Я оказалась в гостиной — пара диванов, кресла, искусно вышитые подушки, телерадиола, шторы в мелкий цветочек. Все такое… мирное. Домашнее. К горлу подступил ком, я сглотнула его, и почти сразу в комнату зашел светлый, закрыв за собой дверь.
— Садись, — бросил он, махнув рукой на кресло, а сам опустился напротив и потянулся к пачке сигарет, лежащей на столике. — Будешь?
Я отрицательно помотала головой — я была бы и не против, но резкий переход на панибратское «ты» вкупе с сокрушительной картиной, не покидающей мозг, и общим напряженным ощущением неопределенности и непредсказуемости положения не давали расслабиться и подумать о маленьких плотских радостях.
— Значит так, Лиза, — произнес мужчина и затянулся сигаретой. — Тебе отведена комната на чердаке, а в твои обязанности будет входить помощь миссис Тальберг, нашей экономке.
Дым пах вкусно. Терпкий запах хорошего табака, а не той дряни, что тянули мои соседки по камерам. А мужчина в кресле выглядел невозмутимым и даже расслабленным.
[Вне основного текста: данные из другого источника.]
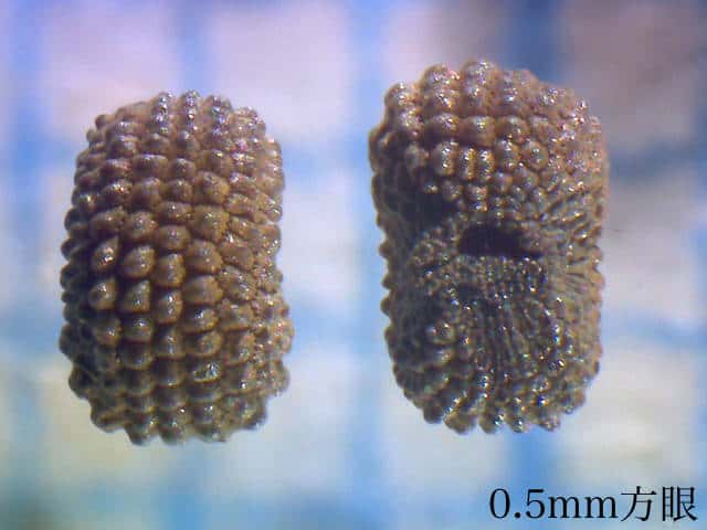 | ▼果実を割ると種子が詰まっている。 | ▼種子には網目状の突起がある。 | ▼種子は直径約1mm。 |

Я готова была к злости и презрению, ненависти и боли в голосе, к оскорблениям, к проклятиям, к попыткам отыграться на мне за все прямо сейчас. Но ничего этого не было. Он был спокоен. Равнодушен.
Копна волос цвета темной меди и такие же рыжие брови, и ресницы. Глаза теплого коричного оттенка, идеально прямой нос. Очертания губ слегка терялись в неухоженной многодневной щетине, но даже несмотря на нее можно было сказать — красивый мужчина. Красивый и страшный. Опасный.
Я смотрела на пальцы, подносящие ко рту сигарету небрежным, привычным жестом, и против воли вспоминала, как от легкого движения этих пальцев одно из наших укреплений разлетелось в щепу. Пусть на руку светлым тогда сыграло еще и то, что мы не были готовы к нападению — все равно эта мощь потрясала. И я гнала от себя эти воспоминания, и эти мысли, но они вновь и вновь возвращались в голову. Страх того, что меня узнают, выведут на чистую воду, снова оплетал своей липкой паутиной и заставлял сильнее сжимать ледяные пальцы сложенных на коленях рук. Вряд ли он меня тогда видел, а если и видел, я была под личиной, но…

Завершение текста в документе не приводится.